The complaint – which seeks permanent injunctions, disgorgement, a D&O bar, and civil penalties – lists internal communications and documents that the SEC says reflected known vulnerabilities that were not properly disclosed. According to the SEC, the defendants knew that the undisclosed information would be material to investors. The SEC also makes sure to note:
To be clear, SolarWinds’ poor controls, Defendants’ false and misleading statements and omissions, and the other misconduct described in this Complaint, would have violated the federal securities laws even if SolarWinds had not experienced a major, targeted cybersecurity attack. But those violations became painfully clear when SolarWinds experienced precisely such an attack.

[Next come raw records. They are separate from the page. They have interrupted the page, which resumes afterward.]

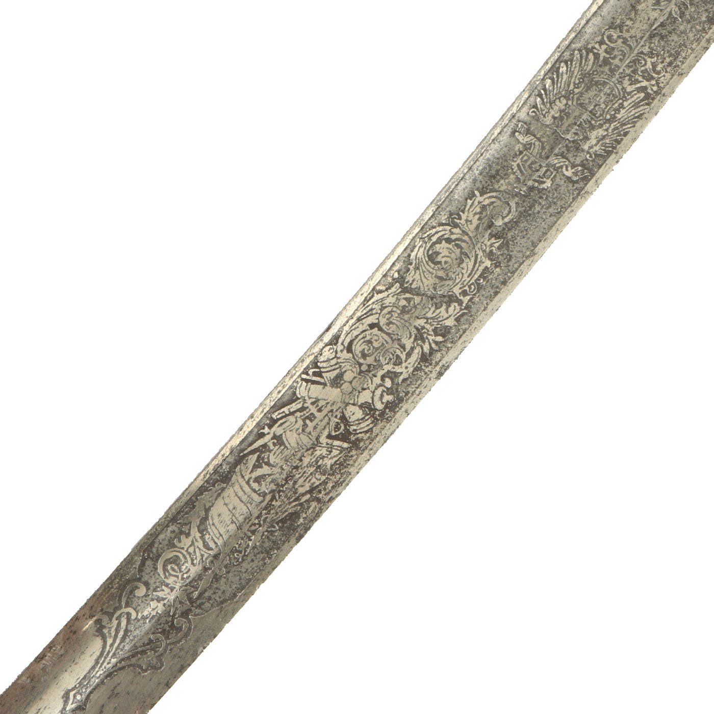 One side of the blade is etched the usual stands of arms, as well as the Prussian Imperial Eagle, and of course the "crossed cannon" for an artillery officer. The other side has the regimental designation, in Black Letter typeface:
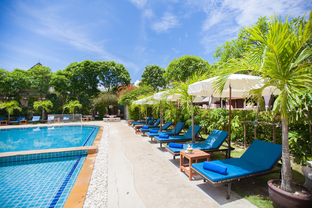 Suite i ngairdín lushing de limistéar sómasach in aice le Laguna, is teach aon stór é Villa Phuket a tógadh timpeall ar a linn snámha phríobháideach féin (40 méadar cearnach). Tá a seomraí folctha ensuite féin ag seomra leapa fairsing na banríona le tobán folctha agus táirgí orgánacha dea - mhéine. Radharc gairdín agus linn snámha. Seirbhís laethúil Maid. Is é ár misean síocháin agus compord a thairiscint maidir le nádúr na máthar agus ár bplainéad beloved. Freastalaímid ar bhricfeasta sláintiúil veigeánach blasta nach bhfuil san áireamh sa phraghas.
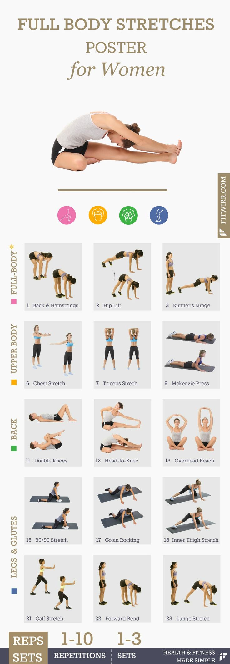 Workout : Full-body stretches poster for women. #stretches #flexibilityexercises… June 11, 2017, 11:05 pm 2.4k Views Fitness and Workout Plans Illustration Description Full-body stretches poster for women. #stretches #flexibilityexercises 19 shares

The lengthy complaint is full of interesting tidbits that I’m sure will be unpacked and analyzed over the coming months. It implies the SEC found it important that the CISO was an officer at the time of these events and signed sub-certifications attesting to the adequacy of the company’s cybersecurity internal controls. And in a parallel to the new Dodd-Frank clawback rules, the SEC didn’t like that he exercised options and sold SolarWinds stock during the time leading up to the announcement of the incident – “when SolarWinds’ stock price was inflated by the misstatements, omissions, and schemes discussed in this Complaint.”
That said, much of the 68-page complaint boils down to the basic notion that your disclosures can’t be materially misleading. For example, don’t say that you measured compliance with the NIST Framework but leave out that you don’t meet most of the Framework’s controls. And while the SolarWinds incident was unique in many ways, the alleged missteps also give the Enforcement Division a convenient opportunity to send a high-profile signal on disclosure controls – which have been the linchpin of a string of actions this year. The complaint also takes issue with internal controls over financial reporting, which SEC Chief Accountant Paul Munter warned companies about in August.
So, as Dave reminded us just last week, it’s as important as ever to “tune up” your cyber risk factors and take a close look at your policies & controls. We’ll be posting the inevitable flood of memos in our “Cybersecurity” Practice Area, but for now I leave you with these parting words from Enforcement Director Gurbir Grewal:
Today’s enforcement action not only charges SolarWinds and Brown for misleading the investing public and failing to protect the company’s ‘crown jewel’ assets, but also underscores our message to issuers: implement strong controls calibrated to your risk environments and level with investors about known concerns.